Date of Award
4-1990
Degree Type
Thesis
Degree Name
Doctor of Philosophy (PhD)
Department
Sociology
Supervisor
Ralph Matthews
Co-Supervisor
Williams Shaffir
Committee Member
James Rice
Abstract
This study examines the long-term effects of adoption reunion. The main focus is on adoptees who have searched, made contact with their birth mothers and encountered a reunion experience. Intensive, open-ended interviews with a randomly-selected sample of sixty adoptees indicate that search and reunion have little connection to the adoptee's dissatisfaction with his/her adoption outcome or his/her adoptive parent-child bonds. In fact, a large number hide their search and reunion from their adoptive parents because they do not want these significant others to think that they are unhappy with their adoptive status. The desire to reunite is more likely to be precipitated by some life-crisis event that raises the adoptive role-identity to a prominent position in the adoptee's salience hierarchy. Consideration of the meaning of that role-identity leads the adoptee to resolve the ambiguities that he/she encounters because of his/her lack of knowledge about his/her biological origins.

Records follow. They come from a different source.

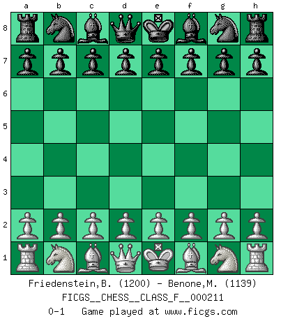 Last move : 0-1 2019 February 11 20:2:17 [Event "FICGS__CHESS__CLASS_F__000211"] [Site "FICGS"] [Date "2019.01.02"] [Round "1"] [White "Friedenstein,Brandon"] [Black "Benone,Mateia"] [Result "0-1"] [WhiteElo "1200"] [BlackElo "1139"] 0-1 This chess game has been lost on time (started : 2019.01.02 11:41:8) Player Black won this chess game. Follow this game move after move (download)There is only one thing Fischer does in Chess without pleasure: to lose ! (Boris Spassky) Fallen sollten polizeilich verboten werden. (Savielly Grigorievitsch Tartakower) El Ajedrez es un mar en el cual un mosquito puede beber y un elefante puede bañarse. (Refrán Hindú) Celui qui prend des risques peut perdre, celui qui n'en prend pas perd toujours. (Xavier Tartacover) All maxims have their antagonist maxims; proverbs should be sold in pairs, a single one being but a half truth. (William Mathews)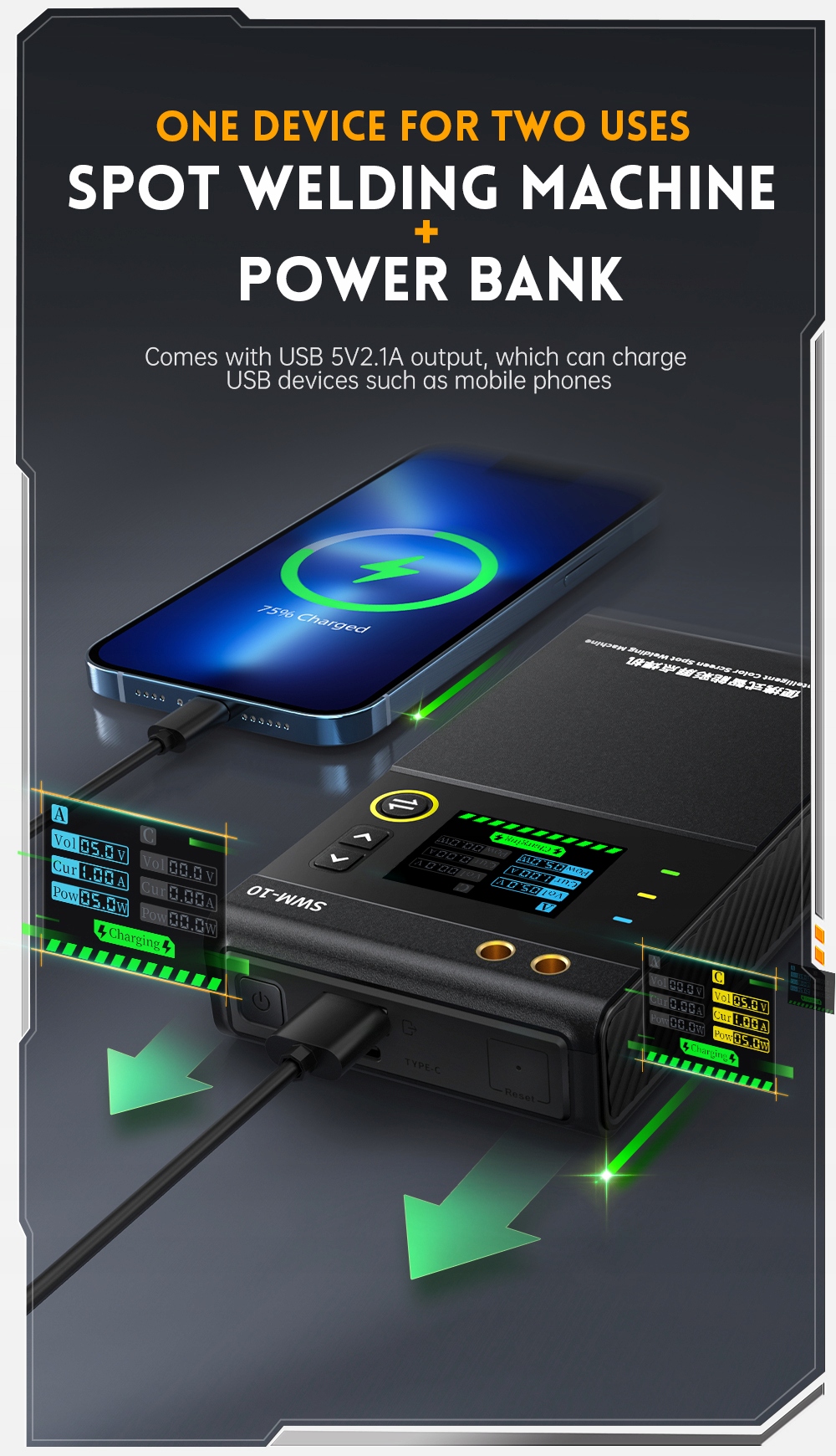 Портативный ручной аппарат для точечной сваркиSWM-10 — эффективный, удобный и легкий в переноске инструмент. Используемая технология точечной сварки двойным импульсом делает сварку более стабильной и долговечной, а также имеет функцию Power Bank.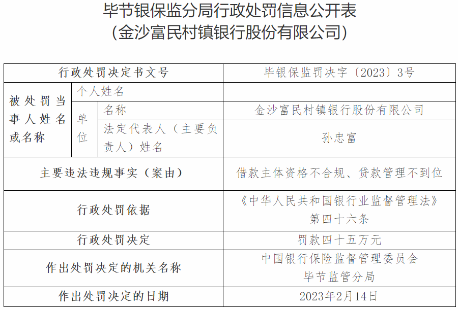 中国经济网北京2月24日讯 昨日,银保监会网站披露毕节银保监分局行政处罚信息公开表(毕银保监罚决字〔2023〕3号、4号、5号),金沙富民村镇银行股份有限公司存在借款主体资格不合规、贷款管理不到位的主要违法违规事实,依据《中华人民共和国银行业监督管理法》第四十六条,毕节银保监分局对其罚款四十五万元。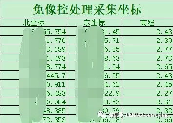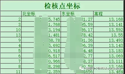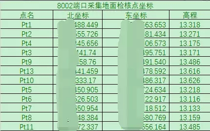 检核点坐标(测绘数据保密,个位数以前均做马赛克处理,下同)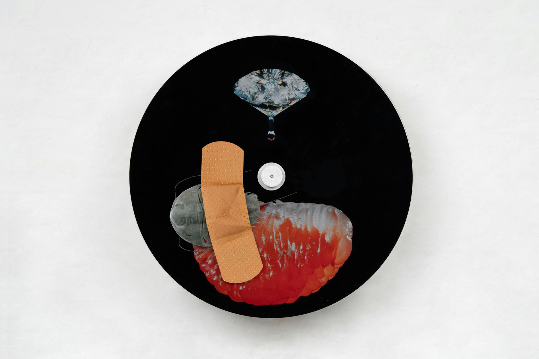 Braudel's Clock - Grapefruit Diamond, 2022, Chromalux print on aluminium, UV print on acrylglass, rotating aluminium and steel clock mechanism, 70 cm x 70 cm x 17 cm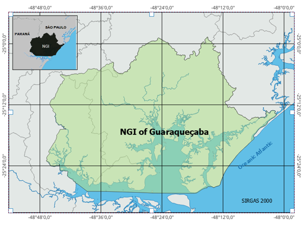 Among the specific objectives of this agreement is the construction of an environmental geographic database called BDG-AMB (acronym in Portuguese), intended to integrate the geospatial information of the NGI - ICMBio Antonina-Guaraqueçaba (Figure 1) and the subsidising of decision-making processes in the management of Federal Conservation Units.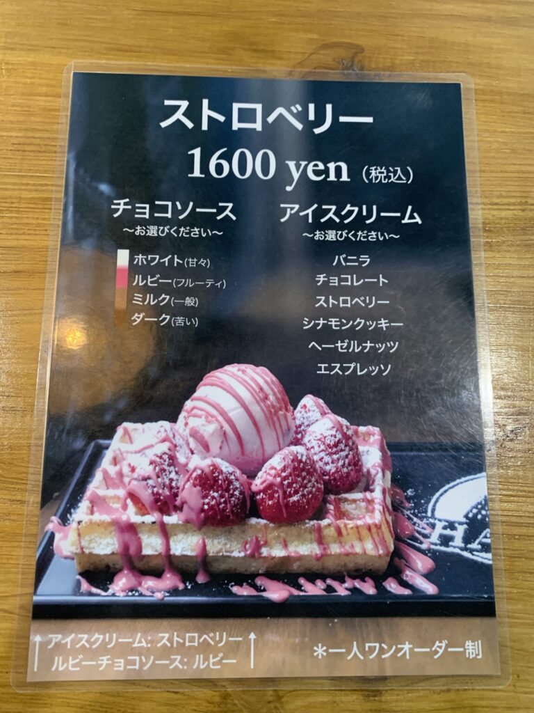 この写真の他にイチゴだけをワッフルの上に盛り盛りにしたメニューもあったよ!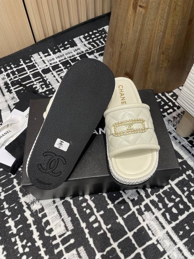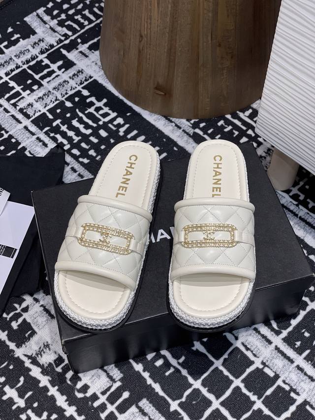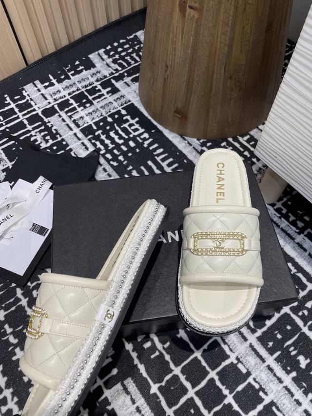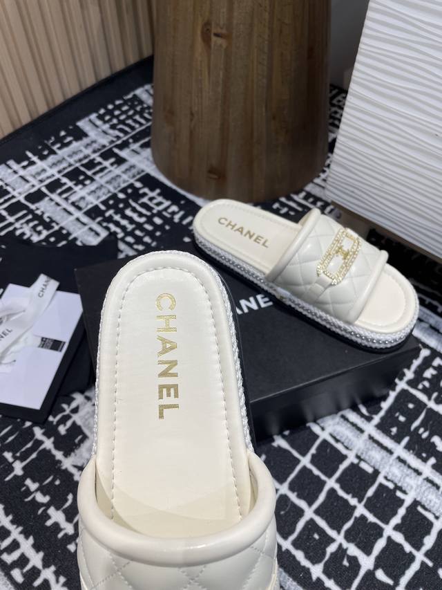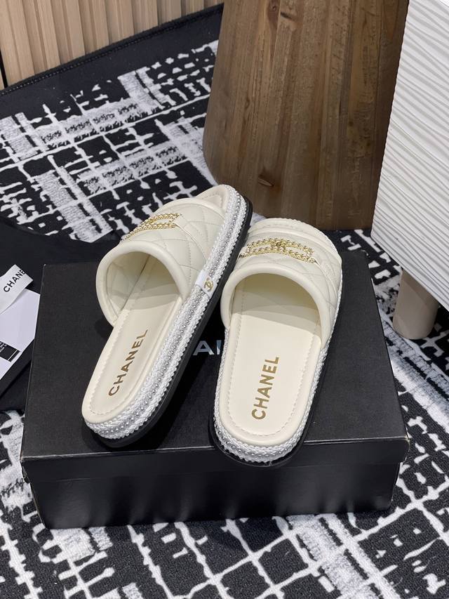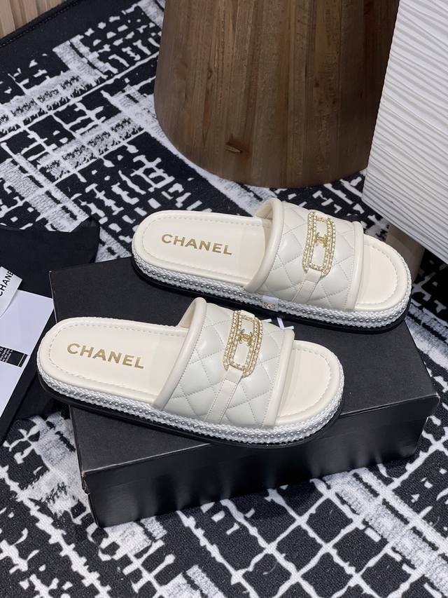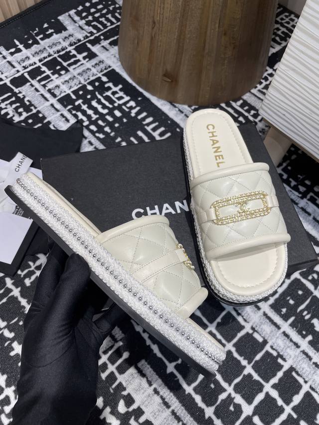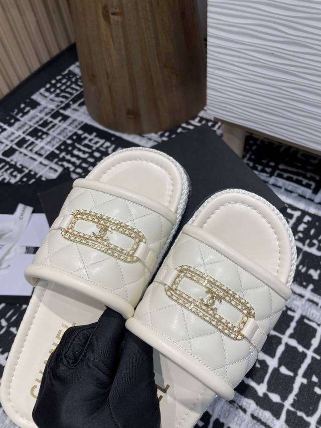 菱格链条双C懒人拖鞋草编珍珠圈边香奶奶家一贯的优雅名媛气质高级感十足!上脚非常nice~

Reunion contact resolves this sense of uncertainty because it provides the missing background information that the adoptee needs for a consistent presentation of self in social interaction. Reunion contact with the birth mother is not a necessity for satisfactory reunion outcome. The adoptee possesses a strong vocabulary of motives that he/she uses to account for his/her reunion outcome and to integrate his/her background information as a part of his/her positive self-concept.
Recommended Citation
March, Karen Ruth Avey, "The Stranger Who Bore Me: Adoptee-Birth Mother Interactions" (1990). Open Access Dissertations and Theses. Paper 3544.